▶ **Exercise brief**: Images excluded, repeat each entry below exactly.

▶ **Data shown**:

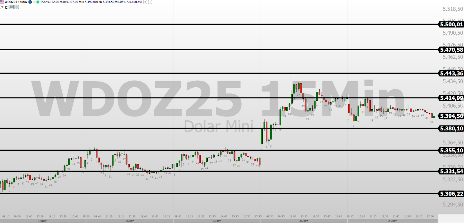 Nesta terça-feira (25/11/2025), se o dólar futuro romper e se mantiver acima do 5.414, temos pontos de resistências nas regiões de preços 5.443, 5.470 e 5.500.
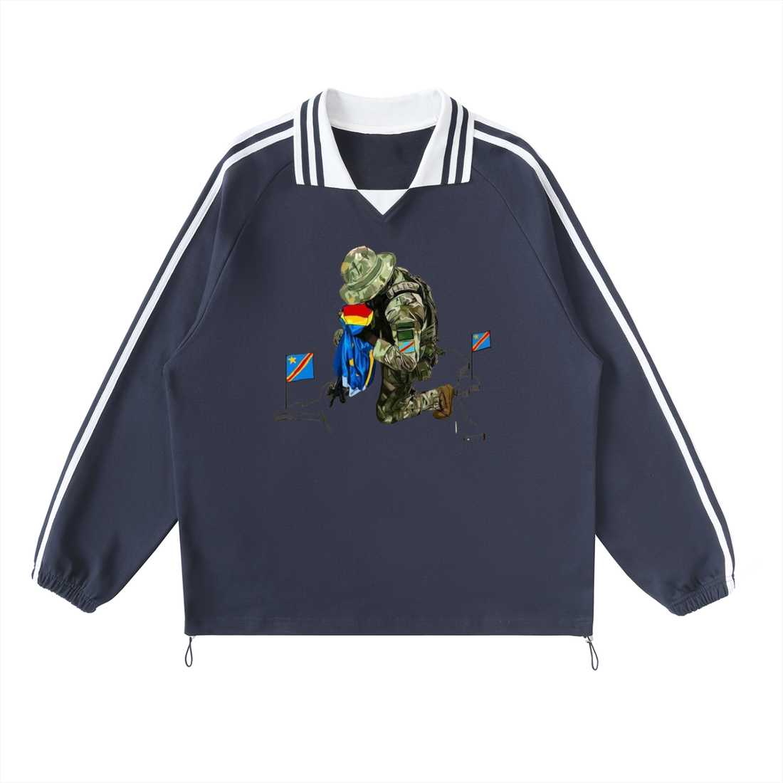 Contrast Striped Lapel Collar Sweatshirt
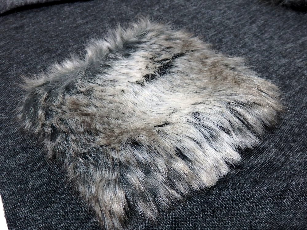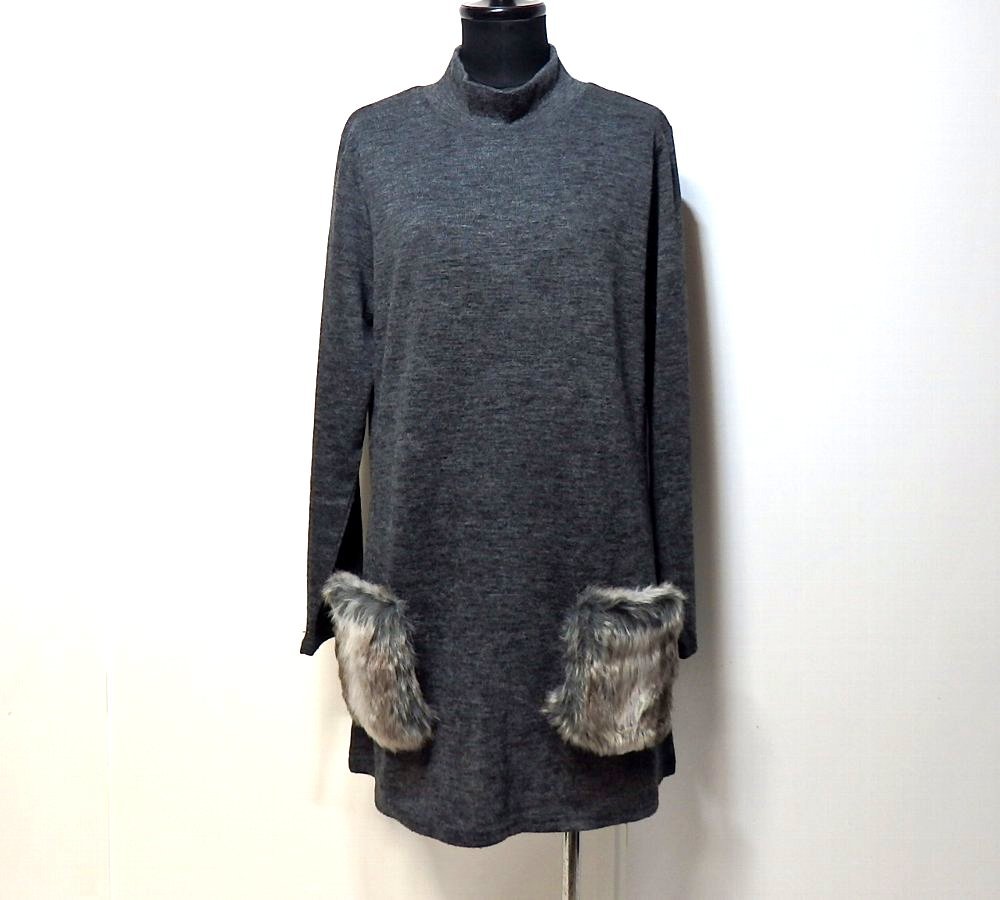 T【Menina メニーナ】ダークグレーにフェイクファ付ポケット・長袖・ハイネックチュニック・M~Lサイズ!
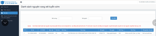 Bước 3: Vào mục “Tra cứu” để biết các nguyện vọng đã đủ điều kiện trúng tuyển về điểm (trừ điều kiện tốt nghiệp THPT).
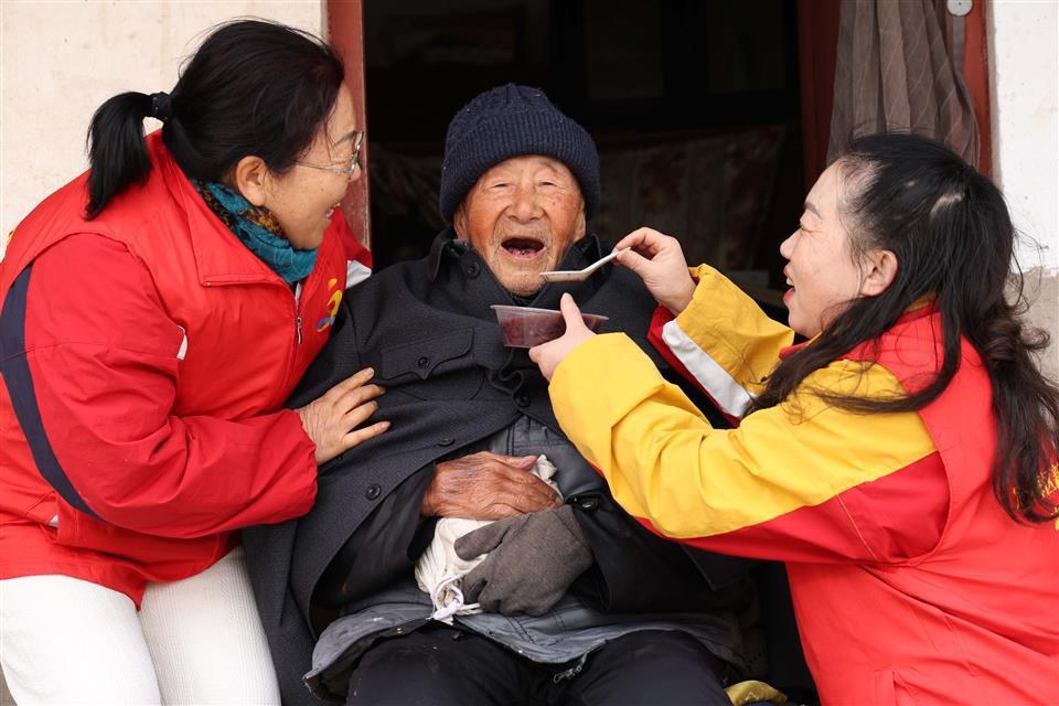 1月25日,定海区美之声演唱团志愿者带着腊八粥,前往摘箬山岛、刺山岛等偏远小岛,为岛上104岁的王阿狗老人,以及傅小娘、王良乾等多位老人送上热粥与节日祝福 记者 陈永建 摄
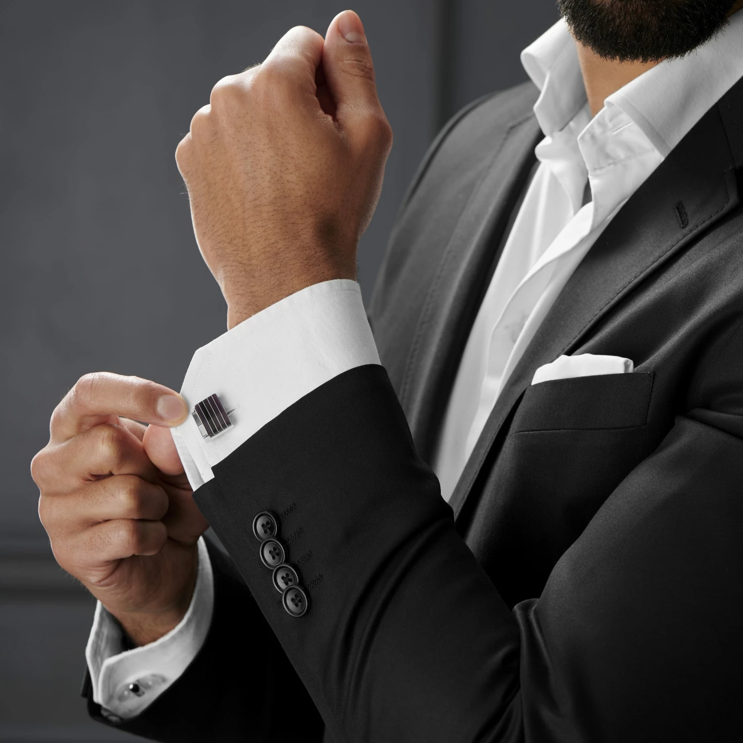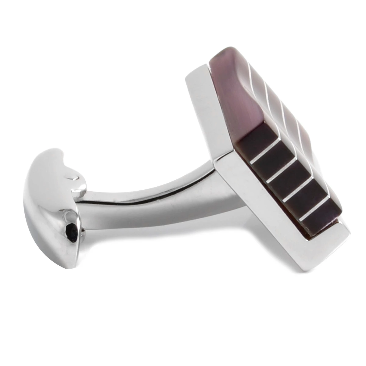 Warren Asher Rectangle Silver-Tone Stylish Maroon Wavy Cufflinks
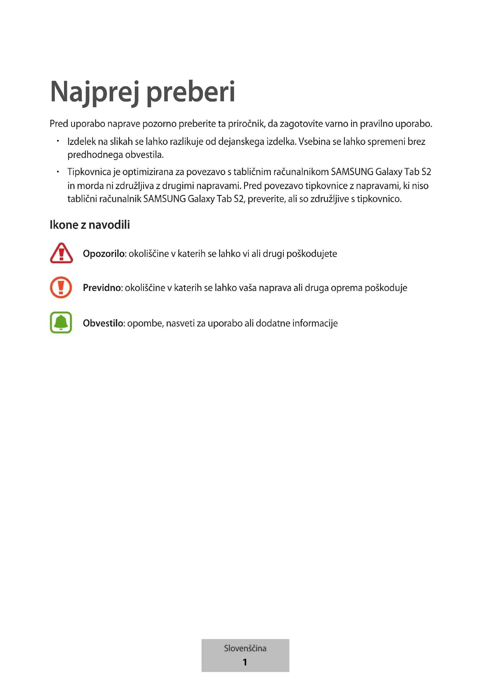 Tipkovnica je optimizirana za povezavo s tabličnim računalnikom SAMSUNG Galaxy Tab S2 in morda ni združljiva z drugimi napravami. Pred povezavo tipkovnice z napravami, ki niso tablični računalnik SAMSUNG Galaxy Tab S2, preverite, ali so združljive s tipkovnico. Ikone z navodili Opozorilo: okoliščine v katerih se lahko vi ali drugi poškodujete Previdno: okoliščine v katerih se lahko vaša naprava ali druga oprema poškoduje Obvestilo: opombe, nasveti za uporabo ali dodatne informacije Slovenščina
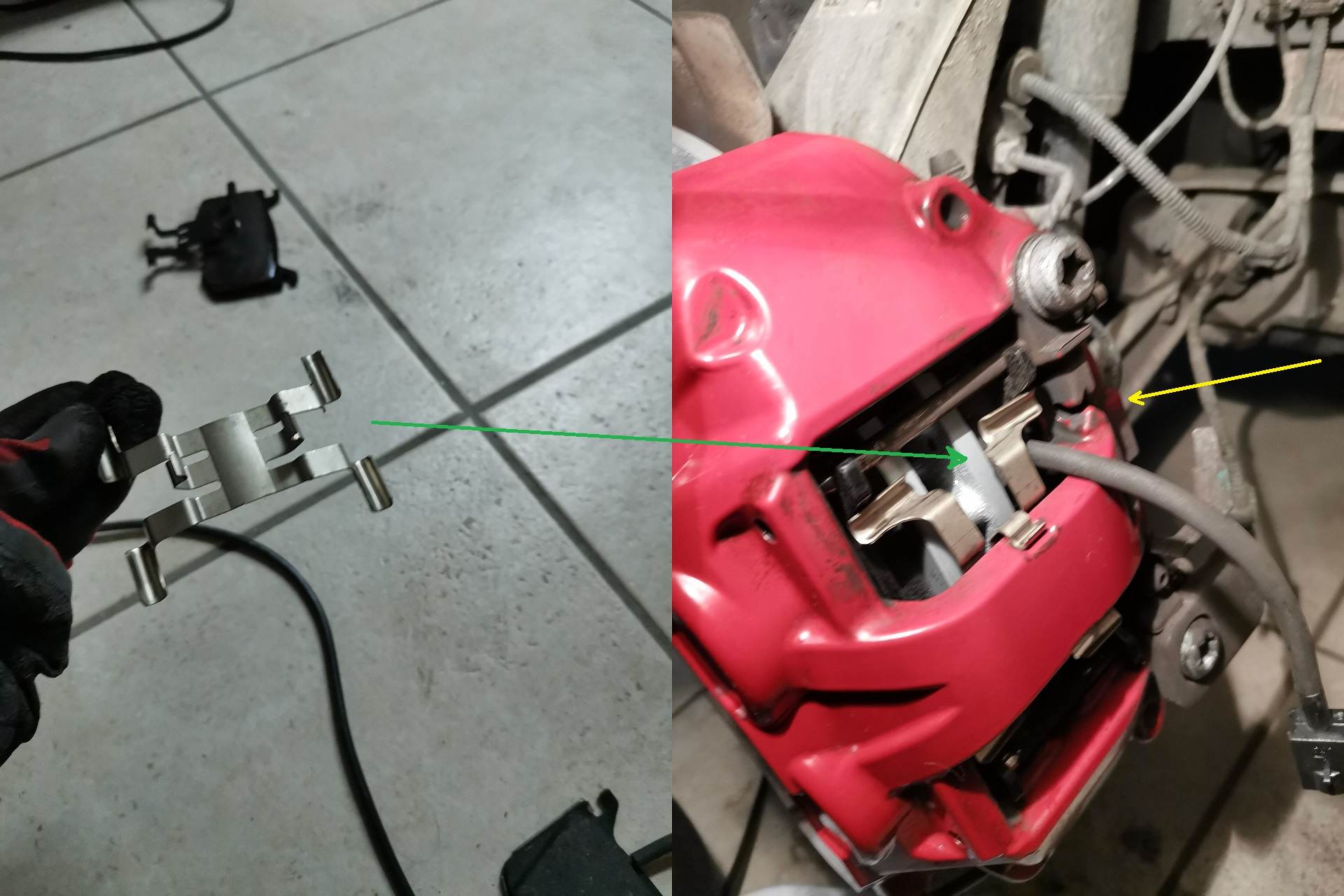 Dentro la confezione delle pastiglie (nel mio caso delle FERODO) vi erano le molle nuove (vedi sotto) e vanno messe dentro le pinze prima delle pastiglie nuove e sostituiscono le precedenti. PS: attenzione che le pastiglie col sensore hanno un verso per la rotazione stampigliato sopra, va rispettato quando le reinserite nelle ganasce e il filo del sensore va passato come in foto e incastrato poi nell'incavo come da freccia gialla.

▶ **Answer box**:
 Nesta terça-feira (25/11/2025), se o dólar futuro romper e se mantiver acima do 5.414, temos pontos de resistências nas regiões de preços 5.443, 5.470 e 5.500.
 Contrast Striped Lapel Collar Sweatshirt
 T【Menina メニーナ】ダークグレーにフェイクファ付ポケット・長袖・ハイネックチュニック・M~Lサイズ!
 Bước 3: Vào mục “Tra cứu” để biết các nguyện vọng đã đủ điều kiện trúng tuyển về điểm (trừ điều kiện tốt nghiệp THPT).
 1月25日,定海区美之声演唱团志愿者带着腊八粥,前往摘箬山岛、刺山岛等偏远小岛,为岛上104岁的王阿狗老人,以及傅小娘、王良乾等多位老人送上热粥与节日祝福 记者 陈永建 摄
 Warren Asher Rectangle Silver-Tone Stylish Maroon Wavy Cufflinks
 Tipkovnica je optimizirana za povezavo s tabličnim računalnikom SAMSUNG Galaxy Tab S2 in morda ni združljiva z drugimi napravami. Pred povezavo tipkovnice z napravami, ki niso tablični računalnik SAMSUNG Galaxy Tab S2, preverite, ali so združljive s tipkovnico. Ikone z navodili Opozorilo: okoliščine v katerih se lahko vi ali drugi poškodujete Previdno: okoliščine v katerih se lahko vaša naprava ali druga oprema poškoduje Obvestilo: opombe, nasveti za uporabo ali dodatne informacije Slovenščina
 Dentro la confezione delle pastiglie (nel mio caso delle FERODO) vi erano le molle nuove (vedi sotto) e vanno messe dentro le pinze prima delle pastiglie nuove e sostituiscono le precedenti. PS: attenzione che le pastiglie col sensore hanno un verso per la rotazione stampigliato sopra, va rispettato quando le reinserite nelle ganasce e il filo del sensore va passato come in foto e incastrato poi nell'incavo come da freccia gialla.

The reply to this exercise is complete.